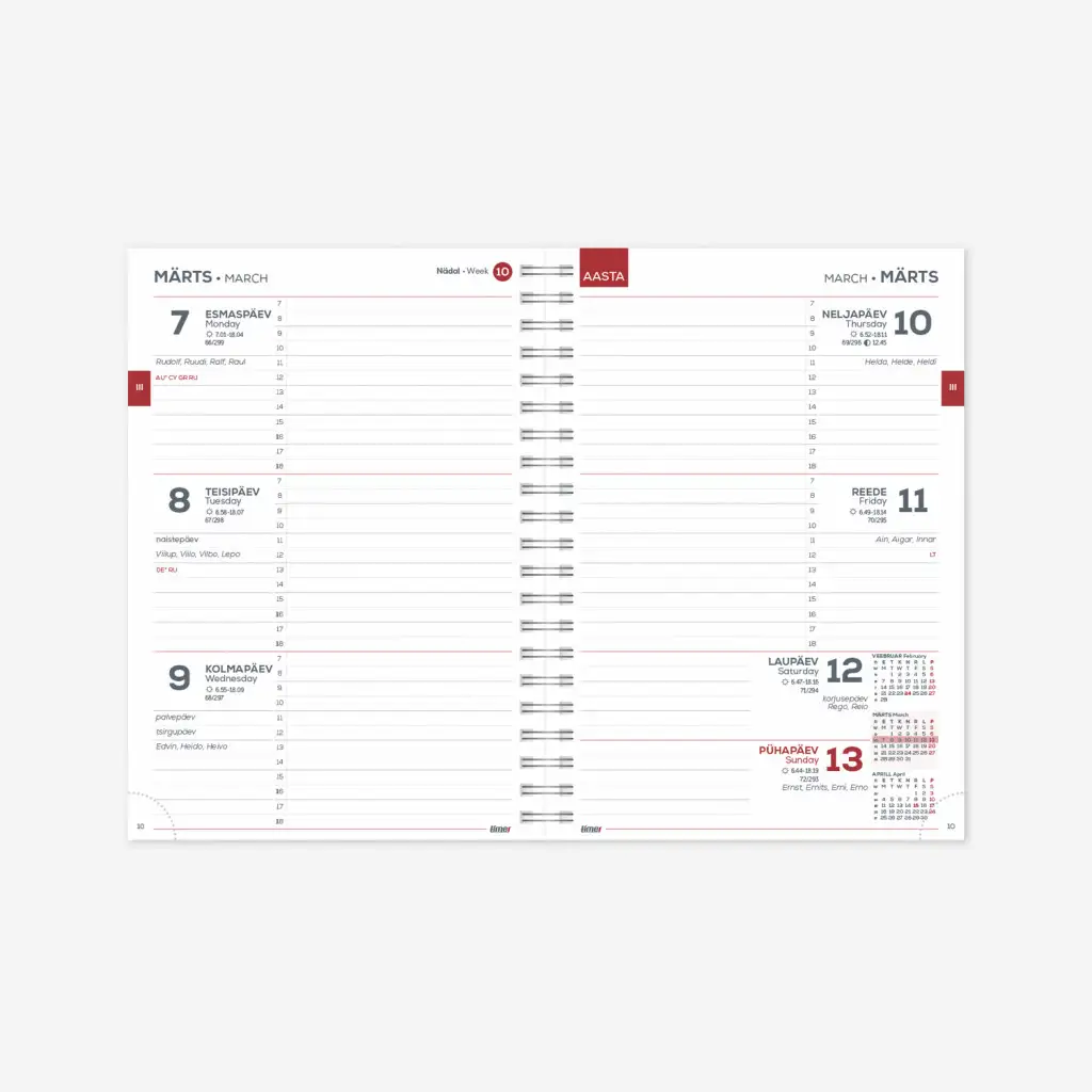 Leht on terveks nädalaks (Nädal H), perforeeritud lehenurgadriigipühad, riiklikud ja rahvakalendri tähtpäevad, lipu- ja nimepäevad, 38 riigi riigipühad lühenditega, tõusu ja loojangu kellaajad (Tallinn), kuu faasid kellaaegadega, sodiaagimärkide algused, päevaloend, minikalender, nädala number, aastaaegade algused,kellaajad. Lisalehtedel aastaplaan (3 kuud lehel), puhkuse planeerija, linnadevahelised kaugused, kaugvalimiskoodid, maailma ajad,mõõtühikute teisendamine, tabelkalender, märkmelehed.
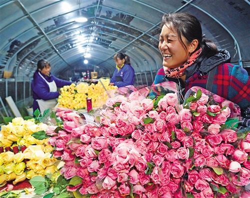 安徽省含山縣銅閘鎮太湖村鑫玫沅鮮花合作社,花農俞成麗(右)在包裝採摘的玫瑰花。當地大力發展生態特色產業,種植的玫瑰花供不應求。
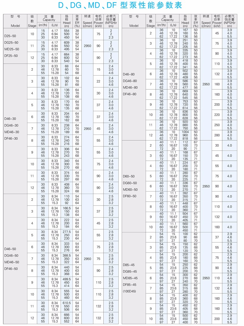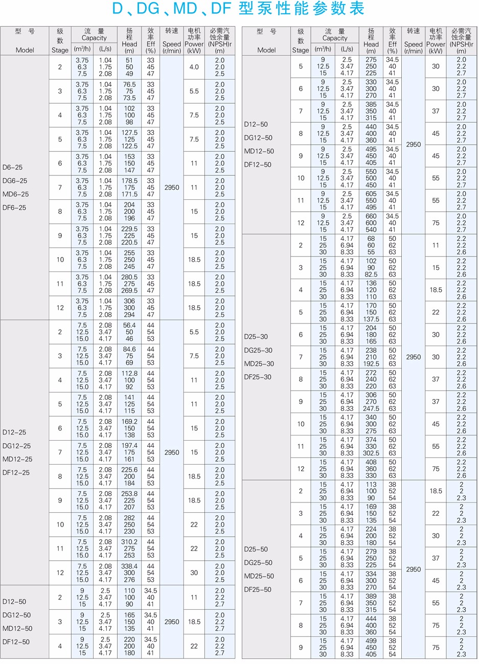 DG型高吸程單吸多級(jí)熱水離心泵供輸送清水或物理及化學(xué)性質(zhì)類(lèi)似于清水的其他液體之用。介質(zhì)溫度不大于105℃,適用于小型鍋爐給水或輸送熱水和類(lèi)似熱水的介質(zhì)。也可根據(jù)用戶要求制作介質(zhì)溫度不大于150℃場(chǎng)合。
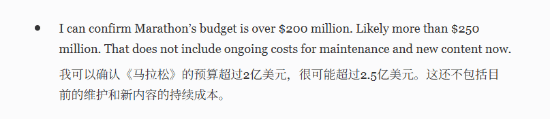 《马拉松》的开发成本最近被曝。根据福布斯记者的爆料,这款名为《失落星船:马拉松》的游戏,开发费用已经突破了2亿美元大关,甚至有可能已经摸高到2.5亿美元。最关键的是,这笔钱还只是做到游戏上线为止,后续的运营维护、赛季内容更新这些“无底洞”一样的开销,都没算在里面。
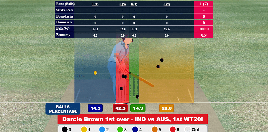 With just 141 on the board, Australia would have been hoping to get a couple of quick wickets to tilt the game in their favour. However, Darcie Brown bowled a shocking first over. She was all over the place, allowing India to take 14 extras in the very first over, which included no-ball, wides and leg-byes. That gave India the momentum and from there on, they never looked back.
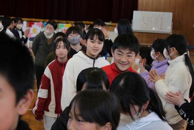 6年生の為に、5年生が企画し、劇をしたり、縦割り班でプレゼントを渡したりしました。また、6年生と歌を歌ったり伝言ゲ-
* * *
TASK DETAILS
Please transcribe word for word the lines from the one bearing "With just 141" through the last line of the records above, omitting the pictures.

REPLY
 With just 141 on the board, Australia would have been hoping to get a couple of quick wickets to tilt the game in their favour. However, Darcie Brown bowled a shocking first over. She was all over the place, allowing India to take 14 extras in the very first over, which included no-ball, wides and leg-byes. That gave India the momentum and from there on, they never looked back.
 6年生の為に、5年生が企画し、劇をしたり、縦割り班でプレゼントを渡したりしました。また、6年生と歌を歌ったり伝言ゲ-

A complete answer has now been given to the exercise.